By 1957 Nikita Khrushchev was in a relatively secure position as first secretary of the Communist Party. Several years earlier he had outmaneuvered Georgii Malenkov for party leadership by stressing the need to continue developing heavy industry and increasing military expenditures, policies that appealed to core constituencies of the party. He also built via the power of appointment an extensive network of loyal clients in the central apparatus and regional party organizations. He had weathered the storms of the previous year in eastern Europe occasioned by destalinization, and could point to the success of his Virgin Lands scheme that had brought millions of new acres under cultivation.

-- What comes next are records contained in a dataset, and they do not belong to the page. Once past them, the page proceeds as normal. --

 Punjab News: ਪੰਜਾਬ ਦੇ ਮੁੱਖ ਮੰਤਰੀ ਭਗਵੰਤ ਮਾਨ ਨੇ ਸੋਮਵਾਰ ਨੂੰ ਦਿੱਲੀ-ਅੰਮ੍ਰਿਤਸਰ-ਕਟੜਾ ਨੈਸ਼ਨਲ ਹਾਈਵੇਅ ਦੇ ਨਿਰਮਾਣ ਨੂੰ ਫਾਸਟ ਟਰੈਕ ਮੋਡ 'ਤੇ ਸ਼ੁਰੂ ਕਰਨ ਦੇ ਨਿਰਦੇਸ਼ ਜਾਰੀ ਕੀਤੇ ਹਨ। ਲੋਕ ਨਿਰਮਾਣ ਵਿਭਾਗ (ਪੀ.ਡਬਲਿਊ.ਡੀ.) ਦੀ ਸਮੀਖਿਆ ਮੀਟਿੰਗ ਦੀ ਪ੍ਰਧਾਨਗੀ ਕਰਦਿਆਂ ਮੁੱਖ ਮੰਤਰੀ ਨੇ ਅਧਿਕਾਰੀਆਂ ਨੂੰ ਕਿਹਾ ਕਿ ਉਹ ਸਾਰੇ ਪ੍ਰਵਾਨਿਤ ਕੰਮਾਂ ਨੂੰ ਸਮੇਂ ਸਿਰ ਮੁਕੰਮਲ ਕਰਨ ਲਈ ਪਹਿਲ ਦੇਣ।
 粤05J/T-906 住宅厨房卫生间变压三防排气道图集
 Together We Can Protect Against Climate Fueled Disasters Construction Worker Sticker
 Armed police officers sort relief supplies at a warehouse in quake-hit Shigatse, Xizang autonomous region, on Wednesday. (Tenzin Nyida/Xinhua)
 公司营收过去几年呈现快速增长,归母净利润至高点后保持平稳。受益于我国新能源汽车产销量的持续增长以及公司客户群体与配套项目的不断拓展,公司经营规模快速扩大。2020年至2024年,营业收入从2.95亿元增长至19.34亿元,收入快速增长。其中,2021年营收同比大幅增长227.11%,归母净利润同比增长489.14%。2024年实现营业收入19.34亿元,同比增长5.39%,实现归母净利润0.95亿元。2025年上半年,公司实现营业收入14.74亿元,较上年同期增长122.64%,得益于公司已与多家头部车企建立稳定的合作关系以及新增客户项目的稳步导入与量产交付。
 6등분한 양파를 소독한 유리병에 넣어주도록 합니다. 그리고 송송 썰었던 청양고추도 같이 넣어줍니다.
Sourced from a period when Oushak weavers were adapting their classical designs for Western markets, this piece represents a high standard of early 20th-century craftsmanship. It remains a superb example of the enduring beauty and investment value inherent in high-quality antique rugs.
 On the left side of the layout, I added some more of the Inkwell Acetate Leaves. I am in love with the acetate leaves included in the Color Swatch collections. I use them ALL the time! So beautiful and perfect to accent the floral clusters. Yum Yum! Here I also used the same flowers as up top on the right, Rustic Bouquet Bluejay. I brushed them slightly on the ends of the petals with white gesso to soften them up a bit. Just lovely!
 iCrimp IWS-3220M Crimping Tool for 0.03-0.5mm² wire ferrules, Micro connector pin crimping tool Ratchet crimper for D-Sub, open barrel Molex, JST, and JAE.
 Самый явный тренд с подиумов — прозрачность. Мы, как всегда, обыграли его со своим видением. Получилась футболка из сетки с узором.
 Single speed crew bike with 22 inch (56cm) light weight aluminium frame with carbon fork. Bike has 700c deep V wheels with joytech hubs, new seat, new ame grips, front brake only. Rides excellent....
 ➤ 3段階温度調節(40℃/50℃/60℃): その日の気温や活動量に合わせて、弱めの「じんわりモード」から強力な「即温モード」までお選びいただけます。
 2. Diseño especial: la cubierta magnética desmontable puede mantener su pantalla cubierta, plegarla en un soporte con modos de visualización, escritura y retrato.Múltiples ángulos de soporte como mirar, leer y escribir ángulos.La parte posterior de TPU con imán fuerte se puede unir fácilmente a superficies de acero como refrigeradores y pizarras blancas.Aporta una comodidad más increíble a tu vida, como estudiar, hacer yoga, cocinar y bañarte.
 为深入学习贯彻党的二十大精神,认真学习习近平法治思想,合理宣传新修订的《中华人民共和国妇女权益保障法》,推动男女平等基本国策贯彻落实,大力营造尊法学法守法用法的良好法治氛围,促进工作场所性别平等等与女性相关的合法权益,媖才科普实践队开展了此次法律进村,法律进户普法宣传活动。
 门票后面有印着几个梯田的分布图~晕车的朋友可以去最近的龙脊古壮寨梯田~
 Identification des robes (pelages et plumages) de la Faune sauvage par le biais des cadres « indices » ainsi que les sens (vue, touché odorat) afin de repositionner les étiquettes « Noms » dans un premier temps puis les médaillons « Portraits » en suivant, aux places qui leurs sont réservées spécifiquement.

Now determined to liberalise the economy, decentralise economic planning, Khrushchev embarked on a radical restructuring of economic administration. In February he announced the abolition of most central industrial ministries and the creation of 107 regional economic councils (sovnarkhozy) corresponding to the territorial divisions of oblasts and autonomous republics. Intended to bolster regional party leaders’ participation in and supervision over economic decision-making, the “Law on Further Improving the Organization of Management of Industry and Construction” was passed by the Presidium of the Supreme Soviet on May 10, 1957.
Stung by the implications of this decentralization program, Viacheslav Molotov, Lazar Kaganovich and several other Stalinist stalwarts confronted Khrushchev at a meeting of the party’s Presidium in late June. They accused him of sowing disunity in the party, promoting his “cult of personality,” and otherwise acting irresponsibly. However, Khrushchev parried this attempt to oust him as first secretary in favor of Nikolai Bulganin by calling an extraordinary session of the Central Committee. Thanks to Georgii Zhukov, the Minister of Defense who arranged military transport to bring Khrushchev’s supporters to the capital, the majority in the Central Committee turned the tables on Khrushchev’s critics by denouncing them as an “anti-Party group” and confirming him in office. The conspirators were forced to resign from the Presidium and assume minor posts in the state bureaucracy. Zhukov was rewarded for his support by being upgraded from a candidate to full member of the Presidium, but in October 1957 he was removed from office and sent into retirement, undoubtedly because he had come to represent a threat to party oversight of the military.